*** Raw data Section Begins ***
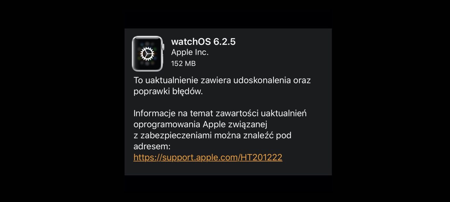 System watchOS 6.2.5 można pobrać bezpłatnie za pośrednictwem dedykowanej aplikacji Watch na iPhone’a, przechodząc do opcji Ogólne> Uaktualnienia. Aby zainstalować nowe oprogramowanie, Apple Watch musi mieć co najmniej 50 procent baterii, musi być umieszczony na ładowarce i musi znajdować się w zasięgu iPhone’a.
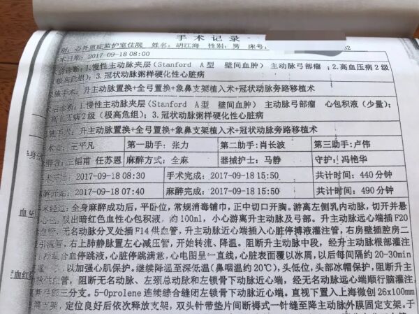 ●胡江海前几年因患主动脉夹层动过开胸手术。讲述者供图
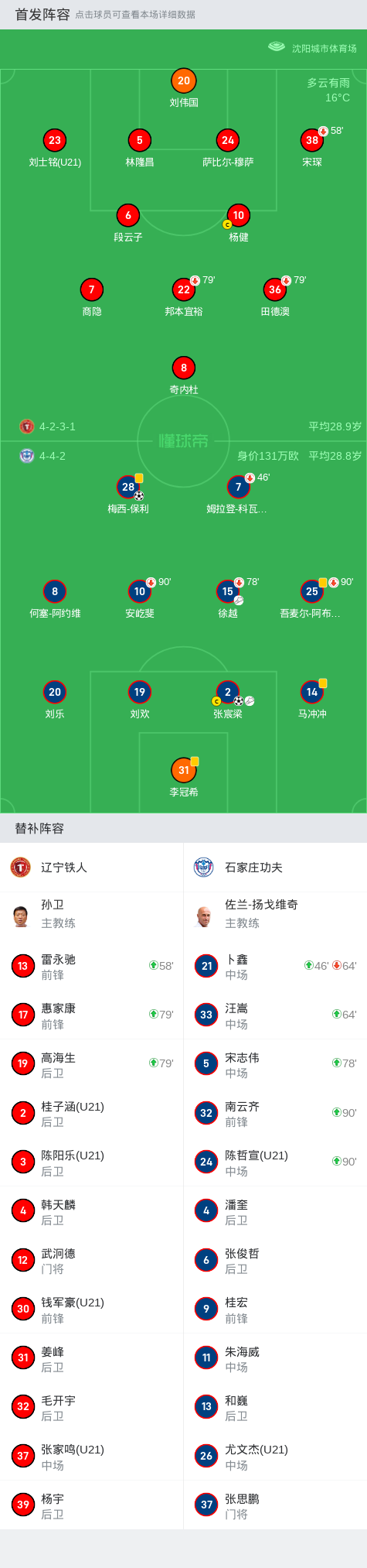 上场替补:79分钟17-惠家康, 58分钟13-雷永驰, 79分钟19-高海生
*** Raw data Section Ends ***
* About this task:
Produce the data again character for character, with the images left out.

* Result of this task:
 System watchOS 6.2.5 można pobrać bezpłatnie za pośrednictwem dedykowanej aplikacji Watch na iPhone’a, przechodząc do opcji Ogólne> Uaktualnienia. Aby zainstalować nowe oprogramowanie, Apple Watch musi mieć co najmniej 50 procent baterii, musi być umieszczony na ładowarce i musi znajdować się w zasięgu iPhone’a.
 ●胡江海前几年因患主动脉夹层动过开胸手术。讲述者供图
 上场替补:79分钟17-惠家康, 58分钟13-雷永驰, 79分钟19-高海生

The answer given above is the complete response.